To do: The lines below, from the one containing "kaart 2: regionaal" through the one containing "17:30 Jaka to melodia? - teleturniej muzyczny", should be set down exactly, with no pictures and nothing else.

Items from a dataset
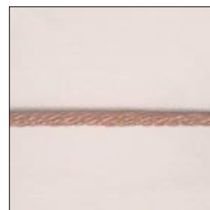
Cable 29 Hilos
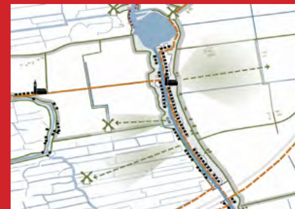
kaart 2: regionaal
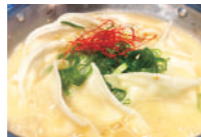
博多・炊き餃子 (ミニサイズ) もちもち食感の皮で包んだ餃子を、豚骨ベースの特製スープで旨味が出るまでじっくり炊いた、博多の新名物。
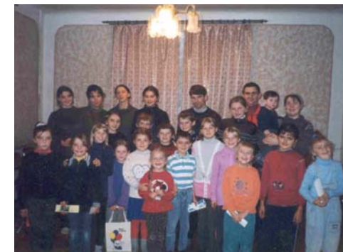
Noen av barna i barneklubben "Awana".

Vi venter mer informasjon og bilder fra sommerleiren i år, men har ikke mottatt dette. Vi vil komme tilbake med mer informasjon og bilder fra denne leiren senere.
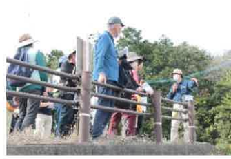
六ヶ井堰取水口を見る
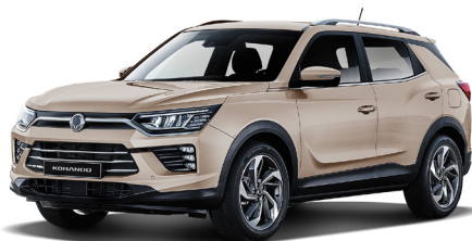
LATTE béžová (EBL)
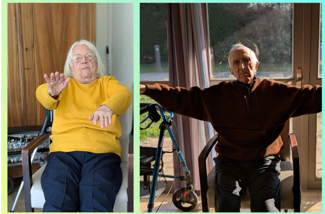
Atelier Gym douce
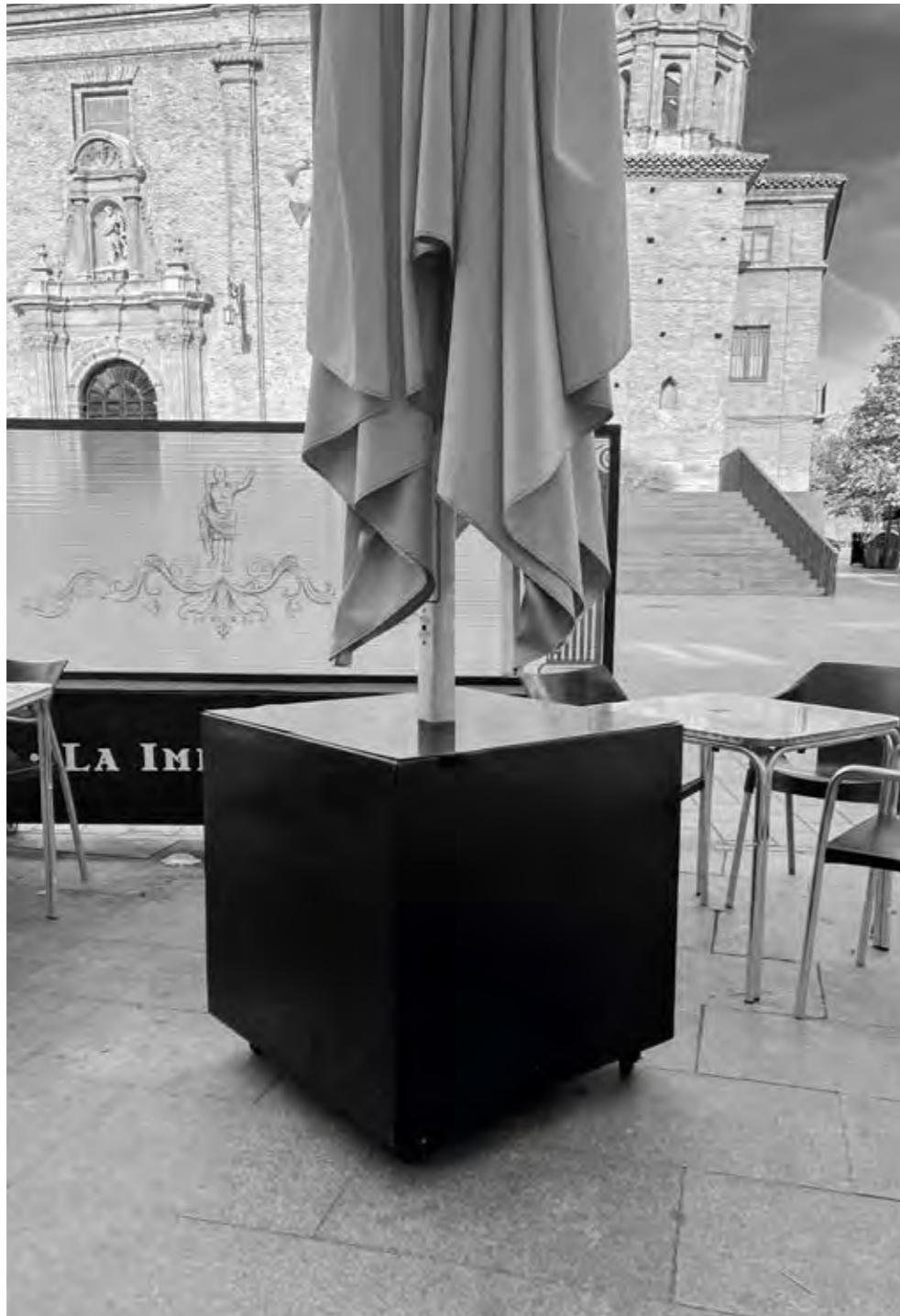
Zaragoza, España Basecajón BASEMP01M/R
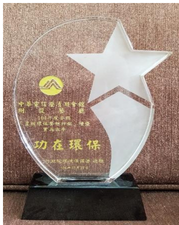
獲頒 「星級環保餐館」
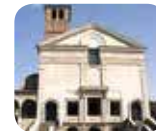
» Tempio di San Sebastiano
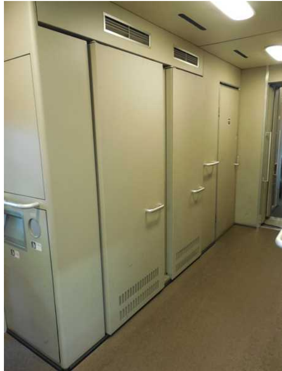
700系(JR西日本B編成)11号車の 飲料自動販売機撤去跡
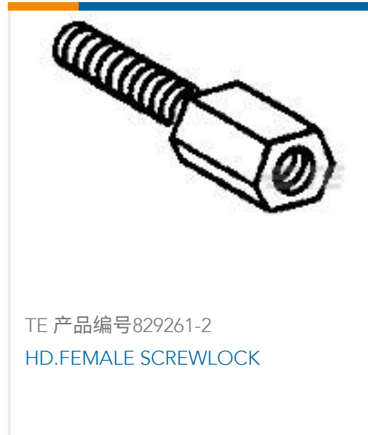
TE 产品编号829261-2 HD.FEMALE SCREWLOCK
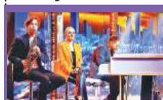
17:30 Jaka to melodia? - teleturniej muzyczny

05:25 Wichrowe wzgórze - serial 06:10 Akacja 38 - serial, 2017 07:00 Transmisja Mszy Świętej 07:30 Dobre historie - magazyn 08:00 Serwis Info 08:10 Pogoda Info 08:20 Zaraz wracam - serial, 2025 09:00 Ranczo - serial TVP, 2007 10:00 Komisarz Alex - serial krym. 11:00 Ojciec Mateusz - serial 12:00 Serwis Info 12:10 Agrobiznes 12:35 To się opłaca - magazyn 12:50 Świat dzikiej przyrody - Góra lodowa. Znikający olbrzym - dok., Franc., 2024 14:00 Wichrowe wzgórze - serial 15:00 Serwis Info 15:15 Reportery - magazyn 15:35 Gra słów. Krzyżówka - teleturniej 16:05 Dziedzictwo - serial, Turcja 17:00 Teleexpress 17:20 Pogoda
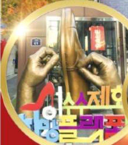
ซองชุง วอร์ดกึงสตรีค
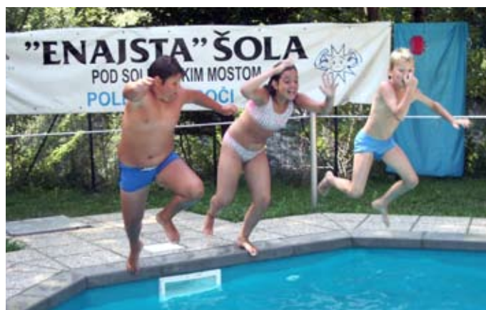
V naših dosedanjih programih pri Soči je sodelovalo že več kot 2000 otrok.
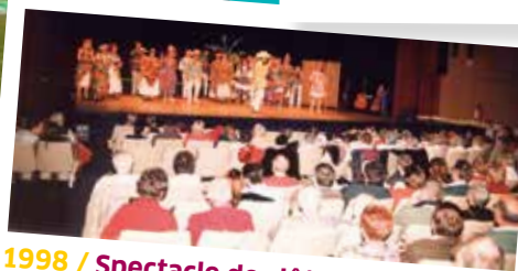
1998 / Spectacle de clôture au Théâtre Pierre-Fresnay

RETROUVEZ TOUTES LES ANIMATIONS PROPOSÉES JUSQU'AU 9 DÉCEMBRE SUR ERMONT.FR
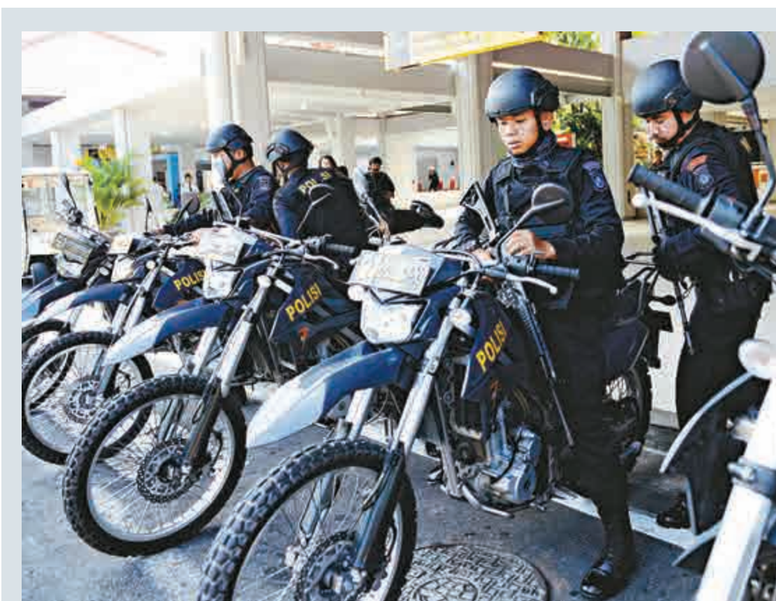
▲印尼特警15日準備在峇里島機場巡邏

雅加達遭遇恐襲後，印尼鄰國馬來西亞及菲律賓隨即提高境內的防恐戒備。不過，馬菲兩國警方都表示，至今沒有明確情報顯示兩國面對恐怖襲擊的威脅。菲律賓總統阿基諾三世15日也出面「消毒」稱，菲國沒有「可信」威脅，但有「一般」威脅。
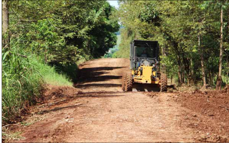
Serviços na estrada Beira Rio iniciaram já na semana passada
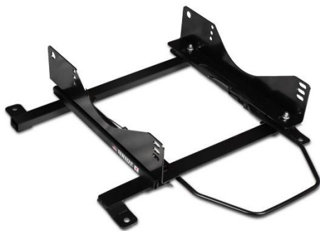
スーパーシートレール LFタイプ トヨタ ヤリス 右席用

発売日：2021年2月1日 商品名：スーパーシートレール LFタイプ トヨタ ヤリス 右席用 品番：T407LF 価格：22,000円（本体：20,000円） JAN：4560459233818

Result of this task:
kaart 2: regionaal
博多・炊き餃子 (ミニサイズ) もちもち食感の皮で包んだ餃子を、豚骨ベースの特製スープで旨味が出るまでじっくり炊いた、博多の新名物。
Noen av barna i barneklubben "Awana".

Vi venter mer informasjon og bilder fra sommerleiren i år, men har ikke mottatt dette. Vi vil komme tilbake med mer informasjon og bilder fra denne leiren senere.
六ヶ井堰取水口を見る
LATTE béžová (EBL)
Atelier Gym douce
Zaragoza, España Basecajón BASEMP01M/R
獲頒 「星級環保餐館」
» Tempio di San Sebastiano
700系(JR西日本B編成)11号車の 飲料自動販売機撤去跡
TE 产品编号829261-2 HD.FEMALE SCREWLOCK
17:30 Jaka to melodia? - teleturniej muzyczny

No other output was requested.